In the late 1930s the Canadian Jesuit Bernard Lonergan (1904–84) began work at the Gregorian University on Thomas’s understanding of operating grace (gratia operans). Lonergan published his dissertation as a series of articles in the American journal Theological Studies in 1941–42 and later in book form.44 Through a meticulous analysis of Thomas’s developing thought on grace and freedom culminating in the treatment in the Summa, Lonergan was able to show that Thomas’s theory “stands as a higher synthesis to the opposition of later theories,” that is, the warring sixteenth-century views on grace and freedom found in the schools of Dominican Banezianism and Jesuit Molinism. Lonergan’s engagement with Thomas’s doctrine of grace was part of a more ambitious rethinking of the Dominican’s teaching on knowing that Lonergan said was inspired by reading Maréchal’s Cahiers. The first fruits of this came in another study of Thomas, this time devoted to his understanding of verbum, the inner
word of understanding which, Lonergan argued, is the center of Thomist epistemology and crucial for grasping his Trinitarian theology (Ia, q. 27). Once again, Lonergan argued that Thomas achieved a higher viewpoint that was able to combine an Augustinian phenomenology of the subject with an Aristotelian psychology of the soul.45 Lonergan admitted that his argument put together scattered materials found in Thomas and so he described it as “Thomistic but hardly Thomist.” One can see the background in Maréchal when Lonergan says that his analysis of the act of judgment shows that “this act consists in a grasp of the native infinity of the intellect; for on the one hand, Thomist thought does stress that native infinity, and, on the other hand, from such infinity one can grasp the capacity of the mind to know reality.”46 Lonergan’s retrieval of Thomas on the act of understanding was the basis for the development of his own cognitional theory in his masterwork, Insight. A Study of Human Understanding (1957), a work that is not about Thomas in any direct way, but, Lonergan insisted, was a development of Thomas’s epistemology within the contemporary philosophical context.
Lonergan’s contemporary, the German Jesuit Karl Rahner (1904–84), took a different route to his version of what he once called “‘transcendentally-tainted’ philosophical Thomism.”47 Rahner’s earliest writings were on mystical theology, but in the mid-1930s, while studying philosophy at the Jesuit house at Pullach, he recounts, “I read with extraordinary eagerness and great care the fifth volume by Joseph Maréchal, S. J., Le point de depart de la métaphysique.” Rahner claims that this encounter was at the origin of what others later called “transcendental philosophy and theology,” so that, “To the extent that this Maréchalianism stems from Thomas and to the extent that Maréchal again and again tries to prove his thought through Thomas, I can say that Thomism formed my philosophy and, at a step removed, my theology.”48 Not everyone was convinced about the authenticity of this reading of Aquinas. When Rahner went off a few years later to study philosophy at Freiburg under Martin Heidegger and Martin Honecker, the thesis he prepared on Thomas’s theory of knowledge, specifically on what the Dominican meant by “conversion to the phantasm” (Ia, q. 84.7) as integral to human knowing, was not accepted by Honecker due to its radical interpretation of Thomas. Completed in 1936 and published in 1939, this work, Spirit in the World (English version 1967), is rightly seen as central to Rahner’s later immense output. Rahner did not intend to write a historical study of Thomas, but rather a reliving of Thomas’s “philosophy as it unfolds,” which, not unlike Lonergan, pushed Thomas beyond what he explicitly says, but in a direction that the author still claims is what Thomas would have said in the post-Kantian philosophical world.

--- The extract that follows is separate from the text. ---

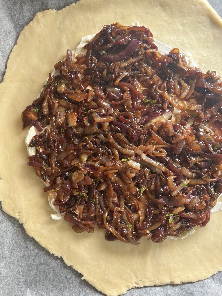 Määri tainaplaadi keskele toorjuust, jättes serva u 6 cm laiuselt puhtaks. Laota toorjuustule sibulasegu, siis tõsta servad üle täidise. Pintselda tainaservad munaga, puista peale veidi seesamiseemneid.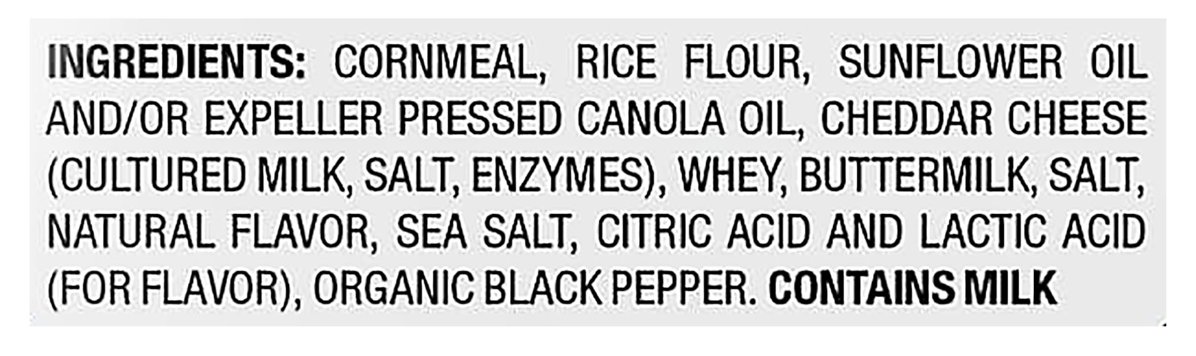 Ingredients: Cornmeal, Rice Flour, Sunflower Oil and/or Expeller Pressed Canola Oil, Cheddar Cheese (Cultured Milk Salt Enzymes), Whey, Buttermilk, Salt, Natural Flavor, Sea Salt, Lactic Acid, Citric Acid, Organic Black Pepper Contains: Milk

Rahner and Lonergan had distinctive theological agendas that can be distorted by grouping them under the umbrella of Transcendental Thomism. Rahner learned from Thomas that theology necessarily implies philosophy, but his use of Thomas might be described as piecemeal, a picking and choosing of Thomas, especially in cases where his insights had been forgotten over the centuries. Rahner was also ready to criticize Thomas, for example, in relation to the setting and development of Aquinas’s Trinitarian theology in the Summa. Lonergan, on the other hand, insisted that his subsequent philosophical and theological writings were developed out of insights he gained from reading Thomas, although he claimed that the Thomism of the future would need to be radically recast in the light of the shift from the static and ahistorical “classical worldview” inherited from Aristotle that shaped much of Thomas’s thought to the historical mindedness of the present, a shift he described as the transition from logic to method. Both Rahner and Lonergan abandoned the imperialistic Neothomism of Leo XIII and even that of Maritain and Gilson in favor of a pluralistic conversation among many philosophical and theological voices. These two major figures of twentieth-century Catholic theology cannot be understood without attention to how Thomas and his Summa helped shape their thought.

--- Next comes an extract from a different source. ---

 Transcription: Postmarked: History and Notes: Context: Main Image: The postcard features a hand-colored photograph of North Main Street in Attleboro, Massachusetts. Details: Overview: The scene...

The third of the Catholic theologians who dominated the middle and late twentieth century was the Swiss Hans Urs von Balthasar (1905–88). Despite the fact that von Balthasar wrote an impressive study of Thomas’s view of charismatic graces and contemplation,49 his thought was much less formed by Thomas. Von Balthasar’s great contribution was a massive trilogy of multivolume works: The Glory of the Lord treating theological aesthetics in seven volumes (1961–69), Theo-Drama on divine and human action in five volumes (1973–83), and Theo-Logic in three volumes (1985–87). Theo-Drama contains von Balthasar’s sustained reflections on Christian doctrines, but given how different von Balthasar’s ordering of Christian doctrine is from Thomas’s Summa theologiae, it is somewhat surprising when the introductory note to the final volume says, “Following Aquinas, we have tried to erect theology on the articles of faith (and not vice versa).”50 In his treatment of “Metaphysics in Antiquity” in volume 4 of The Glory of the Lord, von Balthasar supports Thomas’s metaphysics of the act of being (actus essendi) as representing a decisive shift (kairos) from ancient thought that both “opens our eyes to the truth that God is self-subsistent being but … also closes our eyes and forbids us to cling to what we have seen.”51 Von Balthasar, however, was scarcely a Thomist.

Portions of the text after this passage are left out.